Architecture Diagram¶
Associated Systems¶
File notifications are from the S3 File Notifications Kafka Cluster. The file notifications are created by the USDF Embargo Ceph Cluster. File timestamps are read from the Embargo Ceph S3 cluster. End Read Kafka messages are from USDF Sasquatch cluster. Metrics for file counts, transfer times, and late files are scraped by the S3DF Prometheus. Logs for file timing and late files are captured by Loki.

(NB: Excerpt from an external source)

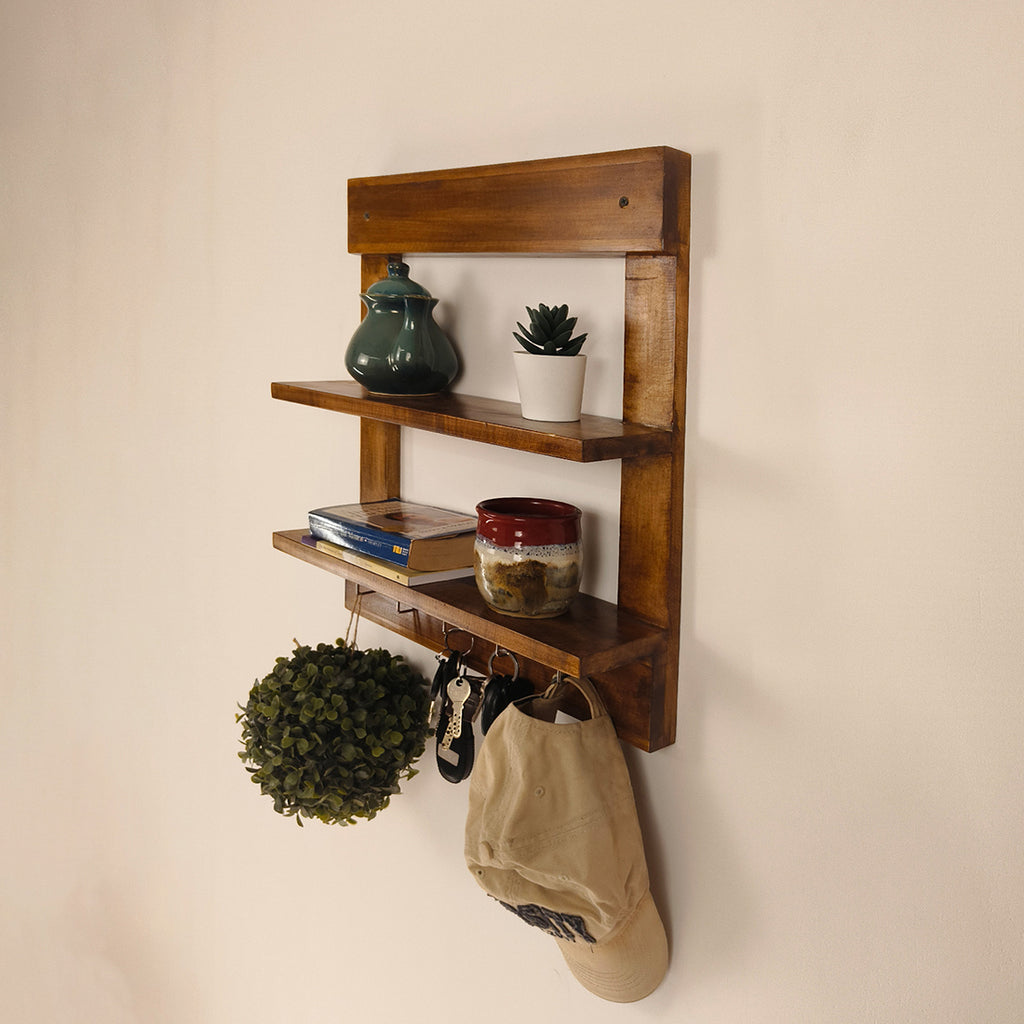 Enhance your home’s organization and style with the Verona Wooden Wall Shelf Organiser with Key Holders. Made from high-quality wood, this elegant wall décor piece offers a convenient space to hang keys, store essentials, and display decorative items, adding charm and functionality to any room.

Visualizations of Metrics are provided by the S3DF Grafana.
Configuration Location¶
Config Area |
Location |
|---|---|
Configuration |
|
Vault Secrets Dev |
N/A |
Vault Secrets Prod |
secret/rubin/usdf-embargo-dmz/dtm |
Data Flow¶
See Architecture
Dependencies - S3DF¶
S3 File Notification Kafka Cluster
Embargo Ceph S3 Cluster
USDF Sasquatch Kafka
S3DF Prometheus
S3DF Loki
S3DF Grafana
Dependencies - External¶
Connectivity to the Summit is needed to receive End Readout messages and files to monitor.
Disaster Recovery¶
In a Disaster Recovery event the service can be redeployed. No data restoration is needed.